В свое время, когда гипотеза о кризисе реализма в конце XIX – начале XX века обладала правами едва ли не общеэстетического закона, существование натуралистического этапа в историческом развитии литературы казалось вполне уместным и даже необходимым. В натурализме видели «выродившийся» реализм, своего рода «буферный» метод между высоким реализмом классики и распространившимся тогда модернизмом.

Репутация натурализма стала еще более скверной, когда была окончательно скомпрометирована сама гипотеза о «вырождении» реализма. Ведь теперь уже и речи не могло быть о том, чтобы числить по ведомству натурализма творческий метод, скажем, Чехова, как это делалось иной раз в прошлые десятилетия1. Руководимые естественным и вполне похвальным стремлением доказать жизнестойкость и плодотворность реализма на всех этапах его существования, историки литературы полностью освободили от подозрений в натуралистичности целый ряд сколько-нибудь заметных писателей.
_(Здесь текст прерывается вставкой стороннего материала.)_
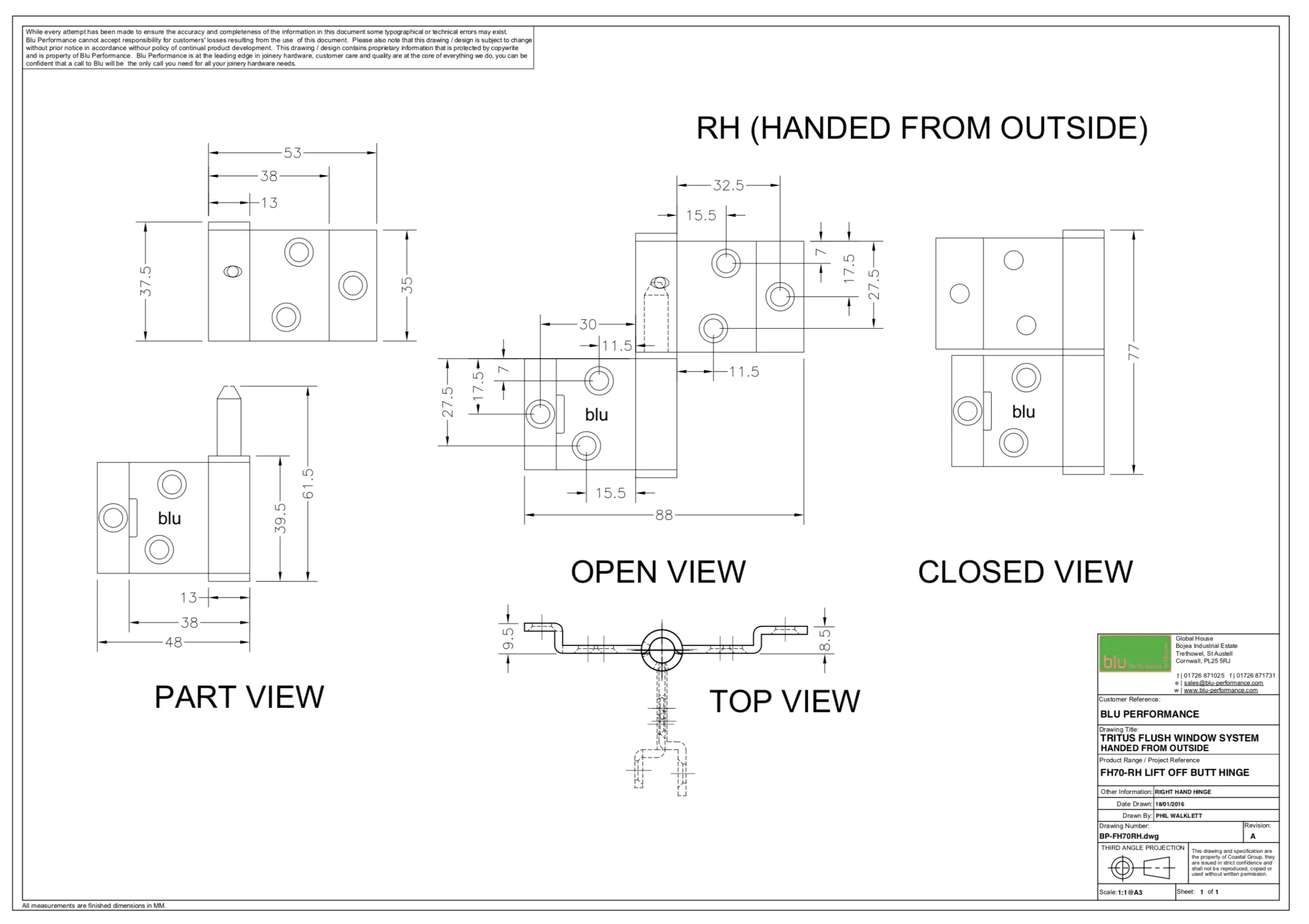 PVD Polished Brass Right Hand Flush Lift Off Butt Hinge | FH70RH PPB

И не только русских… Теперь одиозными выглядят соображения о натуралистических тенденциях в творчестве братьев Гонкур, Флобера, Мопассана, Гауптмана, Ибсена, интерпретировавшихся современной им критикой почти исключительно в натуралистическом ключе. Даже родоначальник и трибун французского – и европейского – натурализма Э. Золя с оговорками, а чаще и без оных, введен в перечень «крупнейших реалистов» XIX века2.

Механизм подобного переведения того или иного писателя из натуралистического подчинения в собственно реалистическое обыкновенно куда как прост. Теоретические декларации того же Золя решительно противополагаются его художественной практике и объявляются либо не заслуживающими особого внимания, либо реалистическими по сути, хотя и «крайними», то есть натуралистическими, по способу изложения. При анализе же художественных текстов акцентируются в первую очередь начала, позволяющие сблизить творческий метод Золя с методом Бальзака или Льва Толстого, а те свойства и качества натуралистической литературы, которые плохо сообразуются с принципами реалистической эстетики, обходятся молчанием или выдаются за приметы сугубо индивидуального стиля.

Если такого рода процедуры проводятся при изучении литературы, определенный период в развитии которой характеризовался, по меткому замечанию А. Франса, «натуралистическим террором», то что же говорить о русской литературе, где, по общепринятому мнению, «натуралистические тенденции… не получили сколько-нибудь широкого развития»? 3

Еще раз повторю: пафос исследователей, стремящихся увидеть в классическом «золаизме» одну из исторических разновидностей реализма, вполне понятен и благороден. Жаль в самом деле отдавать творчество видных художников слова художественному методу, репутация которого столь скверна. Ведь, как пишут, «именно натурализм с его внешней близостью к реалистической манере письма представлялся реакционным идеологам наиболее удобной и скрытой литературной платформой для борьбы с передовыми общественными устремлениями и самим реализмом, как исторической формой их выражения» 4.

Из научной литературы подобные характеристики, приобретая по пути еще более яркие краски, перекочевывают в научно-популярные и критические сочинения. В. Назаренко, например, признаваясь, что, «говоря сегодня: натурализм, мы имеем в виду отрицательные качества«, утверждает: «Натурализм «обслуживает» любое мировоззрение и мироощущение, основанное на ложных, иллюзорных представлениях о действительности… Натурализм служил официозному «искусству» гитлеровского режима, служит и любителям «аполитичного» мещанского чтива. Натурализм служит американской рекламе товаров в заманчивых своей «натуральностью» картинках и фильмах, служит и ханжеской Полнтической пропаганде «американского образа жизни», величия американских деляг, вояк, правителей» 5.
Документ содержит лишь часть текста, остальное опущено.